Problem description:
Word for word, reproduce each line of the data below, omitting every image.

Extracted information:
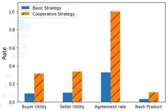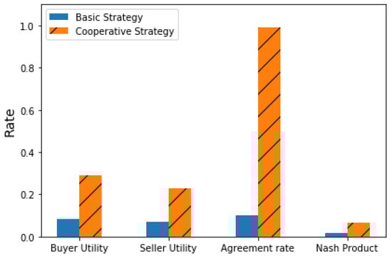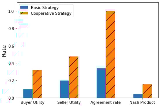 Figure 8 shows the results of negotiation when the environment is characterized by medium overlap and random deadlines. The utility rates results for the buyer agent and the seller agent are shown in Figure 8a,b respectively. The Figures show that both the buyer agent and the seller agent gain better utility rates when the buyer agent uses the hybrid strategy. The second best for both agents is the fuzzy-based strategy. The utility rate results are consistent with the utility rates shown in Figure 7.
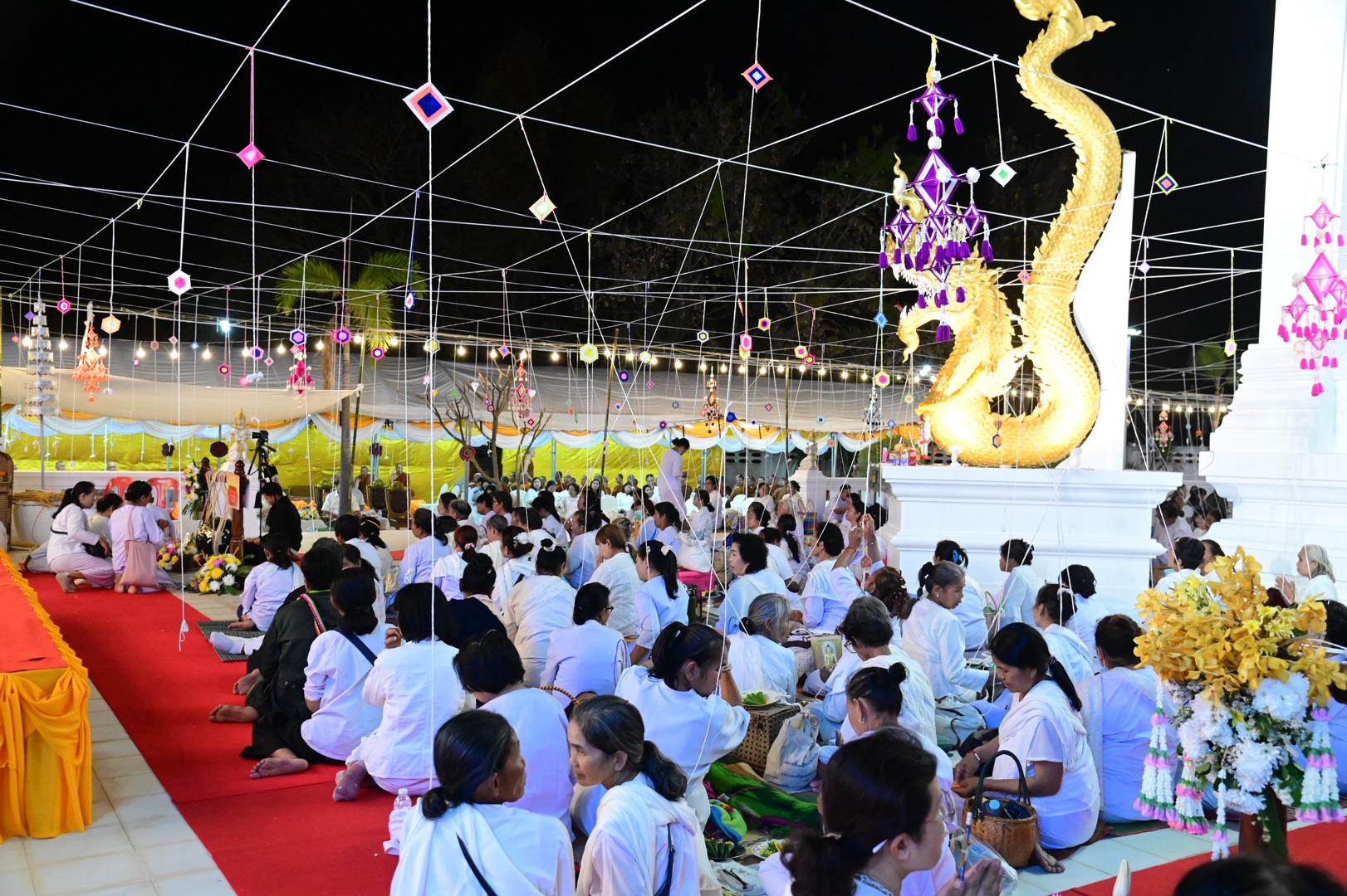 โดยร่วมถวายบูชาศิลปวัฒนธรรมพื้นบ้าน เข้าพิธีบวชชีพราหมณ์ รับฟังพระธรรมเทศนา 1 กัณฑ์ พิธีเจริญพระพุทธมนต์ ทำวัตรเย็น และพิธีจุดเทียนชัย สวดพุทธาภิเษกตลอดทั้งคืน
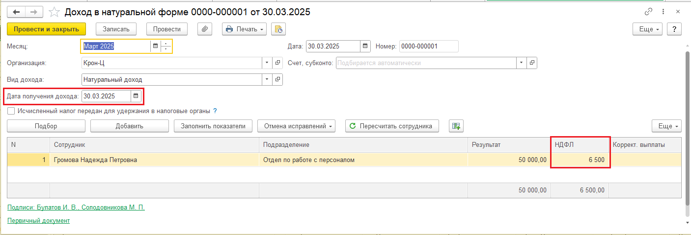 Начисление отражается в 1С:ЗУП 3.1 специальным документом Натуральные доходы (Раздел Зарплата). Рассмотрим пример. Сотруднику начислен натуральный доход в сумме 50 000 рублей, сумма НДФЛ составляет 6 500 рублей (Рис. 5).
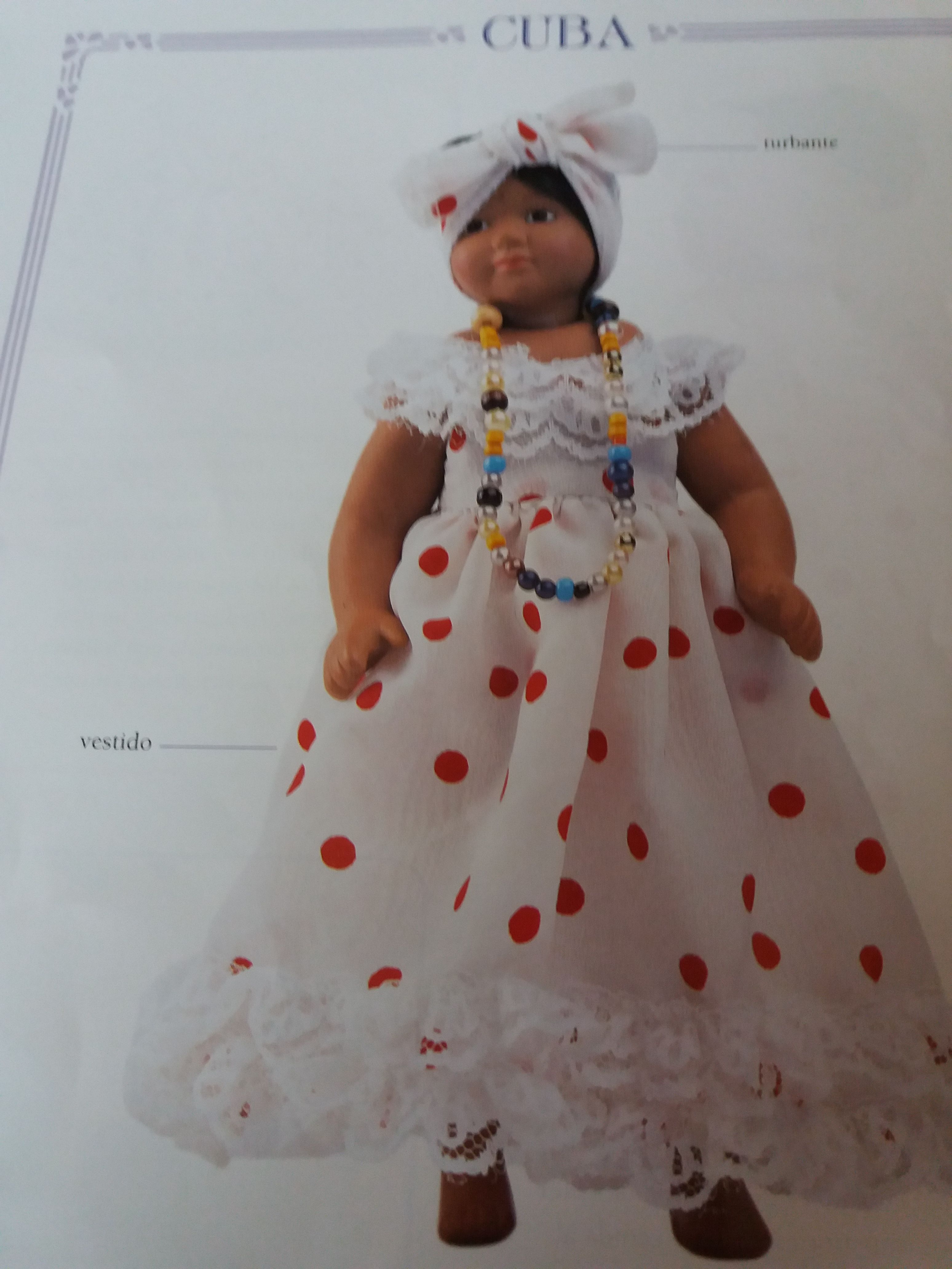En esta ocasion la muñeca que os presento lleva la indumentaria típica femenina de Cuba, es el resultado de un complejo mosaico étnico y cultural en el que las influencias de los hispanos, africanos, chinos y antillanos, determinan todos los aspectos de la vida social y también su vestido .
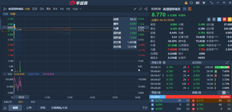 铜业股继续走高,截至发稿,万国国际矿业(03939)一度涨7%,现涨4.53%,报8.77港元;五矿资源(01208)涨2.78%,报3.33港元;中国有色矿业(01258)涨2.57%,报6.79港元;江西铜业股份(00358)涨1.41%,报14.34港元。
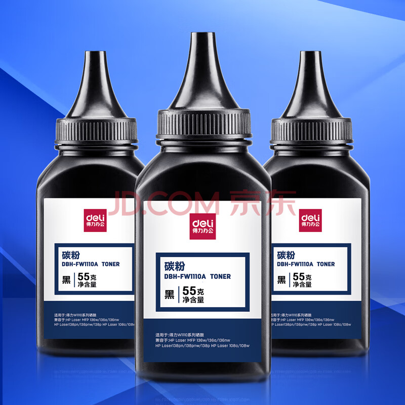 商品相册:得力(deli)110a硒鼓碳粉 黑色瓶装适用惠普136w硒鼓 hp 108a 108w 136a 136w 136nw 138p/pn/pnw第
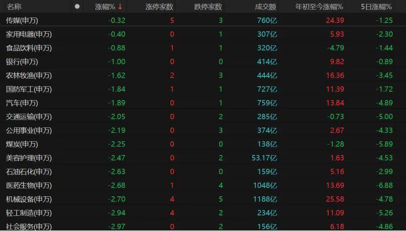 相比之下,大消费板块表现相对抗跌,传媒、家用电器、食品饮料、银行等板块跌幅均不超过1%。
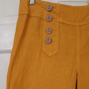 Discover the effortless elegance of the Elevenses Yellow-gold wide leg pants. Crafted from a lightweight fabric, this piece offers a relaxed fit with a high-waisted design, perfect for warm weather. Flat front accented with doulbe columns of big brown buttons that open on one column for closure. Its vibrant yellow hue adds a touch of sunshine to any wardrobe.
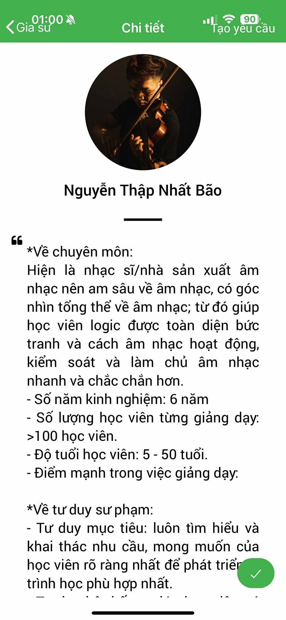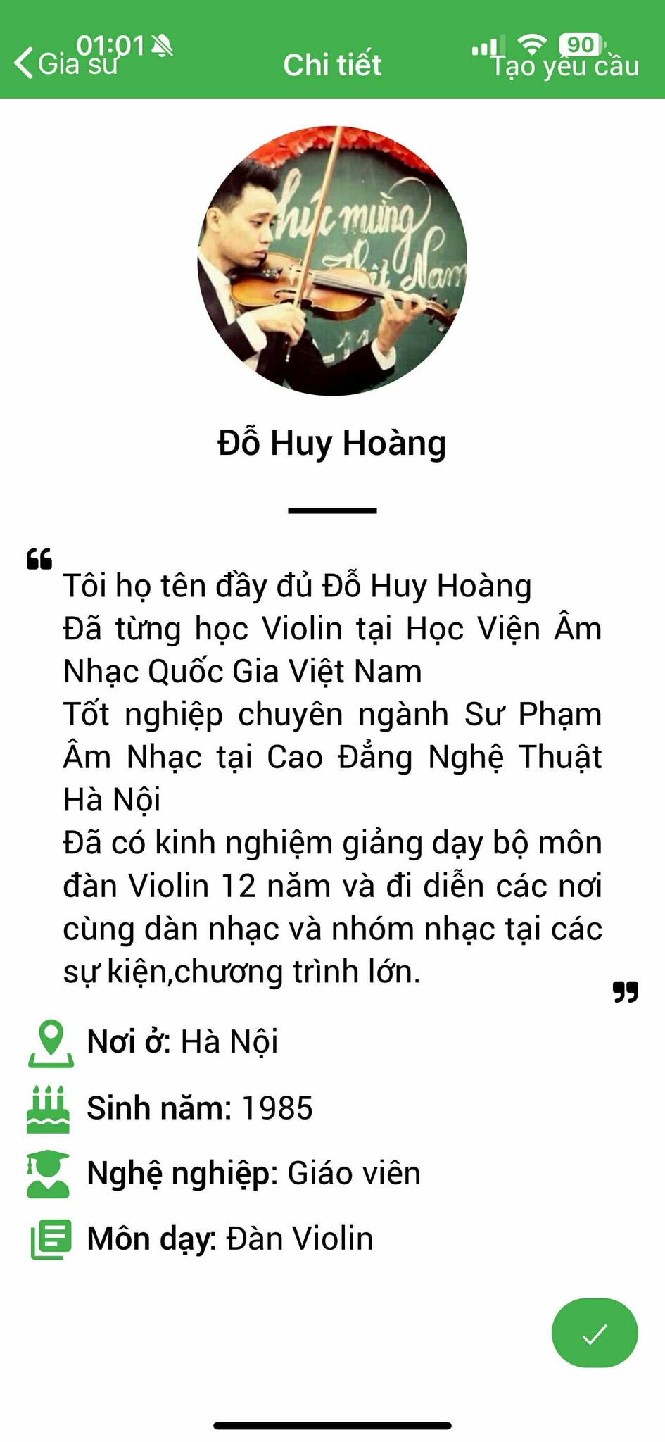 Đội ngũ gia sư Violin tại Daykemtainha.vn sẽ luôn đồng hành cùng học viên trong suốt quá trình học, giúp bạn không chỉ nắm vững kỹ thuật mà còn truyền cảm hứng và niềm đam mê âm nhạc thực thụ. Dù bạn là người mới bắt đầu hay đã có nền tảng, Daykemtainha.vn luôn có lộ trình học phù hợp, hiệu quả và đầy hứng khởi.
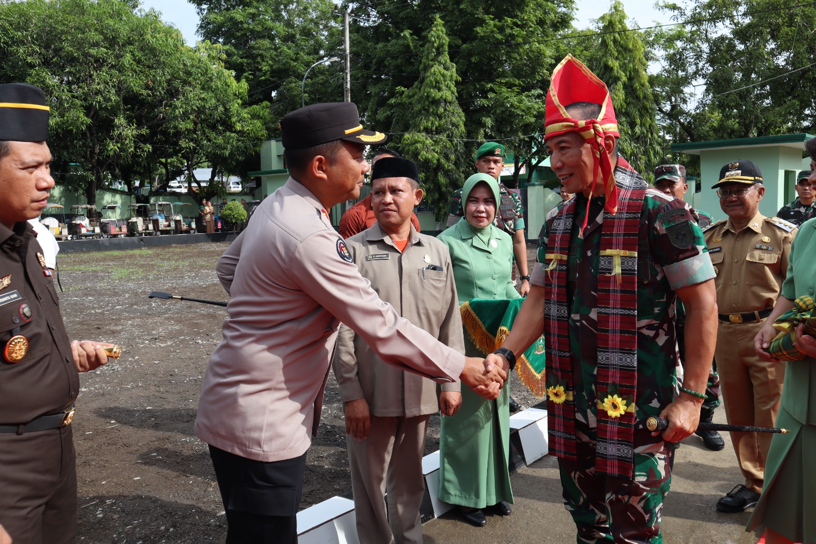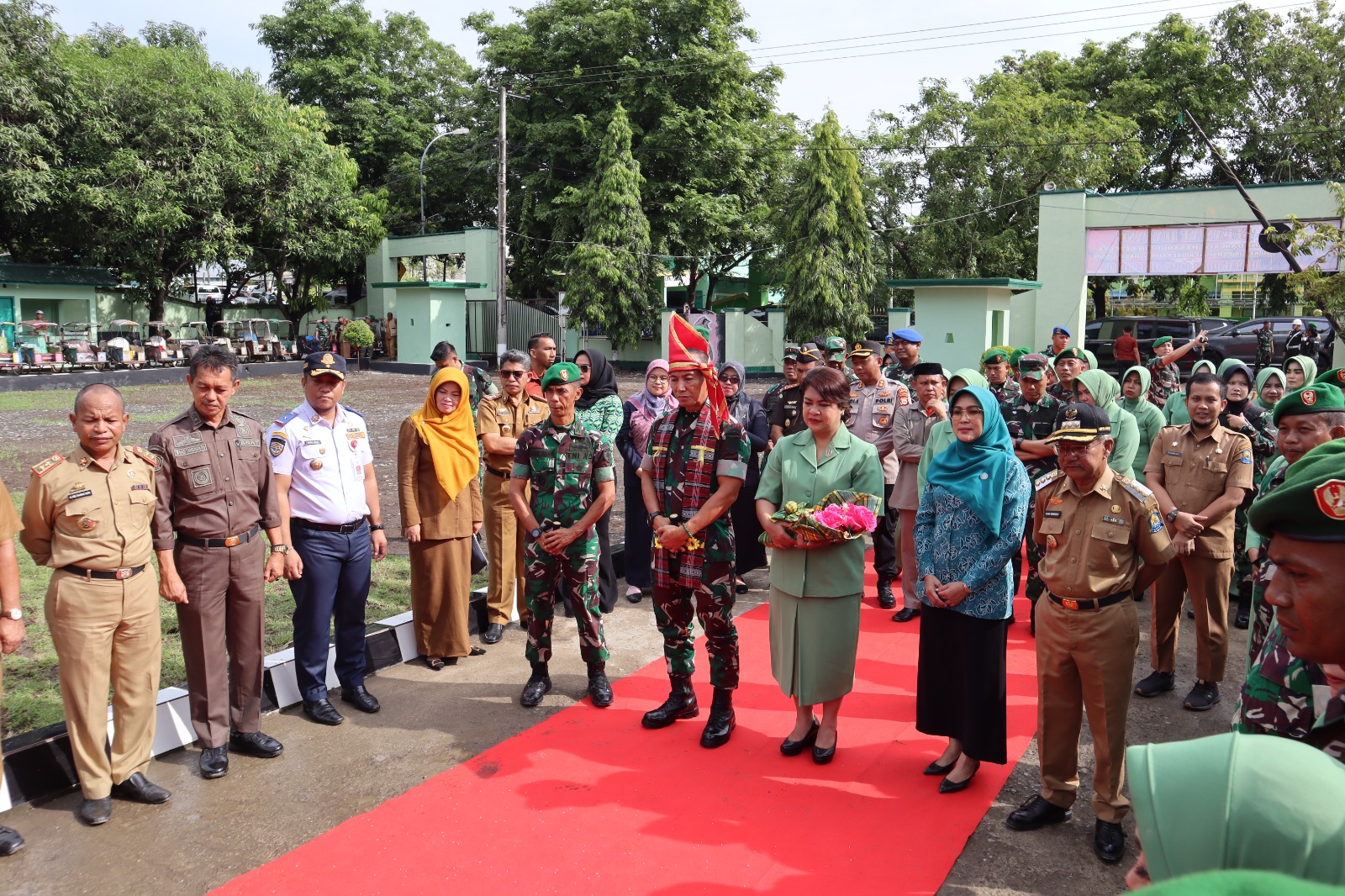 PENJURU. ID | Jeneponto – Mayjen TNI Dr. H. Totok Imam Santoso, S.I.P., S.Sos., M.Tr.(Han) (Pangdam XIV/Hsn) didampingi Ny. Desi Totok Imam Santoso (Ibu Ketua Persit Kartika Chandra Kirana Daerah XIV/Hsn) beserta rombongan tiba di Makodim 1425/JP.
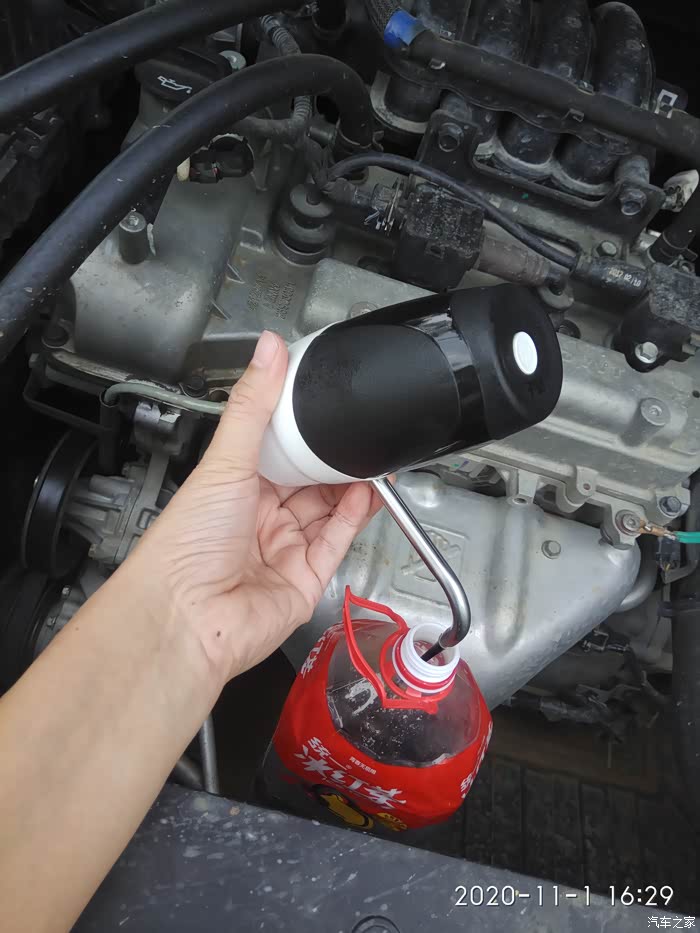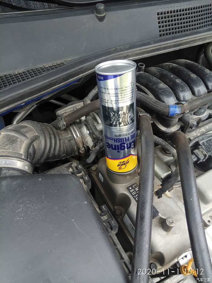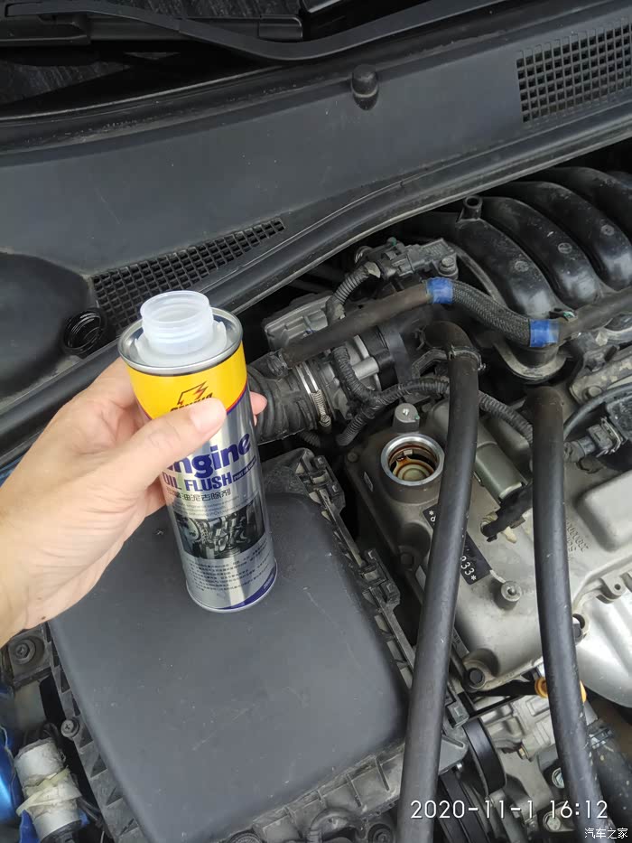 首先加入“发动机油泥清洗剂”,不是每次都用加,4万公里加一次就得了。

Task result:
 Figure 8 shows the results of negotiation when the environment is characterized by medium overlap and random deadlines. The utility rates results for the buyer agent and the seller agent are shown in Figure 8a,b respectively. The Figures show that both the buyer agent and the seller agent gain better utility rates when the buyer agent uses the hybrid strategy. The second best for both agents is the fuzzy-based strategy. The utility rate results are consistent with the utility rates shown in Figure 7.
 โดยร่วมถวายบูชาศิลปวัฒนธรรมพื้นบ้าน เข้าพิธีบวชชีพราหมณ์ รับฟังพระธรรมเทศนา 1 กัณฑ์ พิธีเจริญพระพุทธมนต์ ทำวัตรเย็น และพิธีจุดเทียนชัย สวดพุทธาภิเษกตลอดทั้งคืน
 Начисление отражается в 1С:ЗУП 3.1 специальным документом Натуральные доходы (Раздел Зарплата). Рассмотрим пример. Сотруднику начислен натуральный доход в сумме 50 000 рублей, сумма НДФЛ составляет 6 500 рублей (Рис. 5).
En esta ocasion la muñeca que os presento lleva la indumentaria típica femenina de Cuba, es el resultado de un complejo mosaico étnico y cultural en el que las influencias de los hispanos, africanos, chinos y antillanos, determinan todos los aspectos de la vida social y también su vestido .
 铜业股继续走高,截至发稿,万国国际矿业(03939)一度涨7%,现涨4.53%,报8.77港元;五矿资源(01208)涨2.78%,报3.33港元;中国有色矿业(01258)涨2.57%,报6.79港元;江西铜业股份(00358)涨1.41%,报14.34港元。
 商品相册:得力(deli)110a硒鼓碳粉 黑色瓶装适用惠普136w硒鼓 hp 108a 108w 136a 136w 136nw 138p/pn/pnw第
 相比之下,大消费板块表现相对抗跌,传媒、家用电器、食品饮料、银行等板块跌幅均不超过1%。
 Discover the effortless elegance of the Elevenses Yellow-gold wide leg pants. Crafted from a lightweight fabric, this piece offers a relaxed fit with a high-waisted design, perfect for warm weather. Flat front accented with doulbe columns of big brown buttons that open on one column for closure. Its vibrant yellow hue adds a touch of sunshine to any wardrobe.
 Đội ngũ gia sư Violin tại Daykemtainha.vn sẽ luôn đồng hành cùng học viên trong suốt quá trình học, giúp bạn không chỉ nắm vững kỹ thuật mà còn truyền cảm hứng và niềm đam mê âm nhạc thực thụ. Dù bạn là người mới bắt đầu hay đã có nền tảng, Daykemtainha.vn luôn có lộ trình học phù hợp, hiệu quả và đầy hứng khởi.
 PENJURU. ID | Jeneponto – Mayjen TNI Dr. H. Totok Imam Santoso, S.I.P., S.Sos., M.Tr.(Han) (Pangdam XIV/Hsn) didampingi Ny. Desi Totok Imam Santoso (Ibu Ketua Persit Kartika Chandra Kirana Daerah XIV/Hsn) beserta rombongan tiba di Makodim 1425/JP.
 首先加入“发动机油泥清洗剂”,不是每次都用加,4万公里加一次就得了。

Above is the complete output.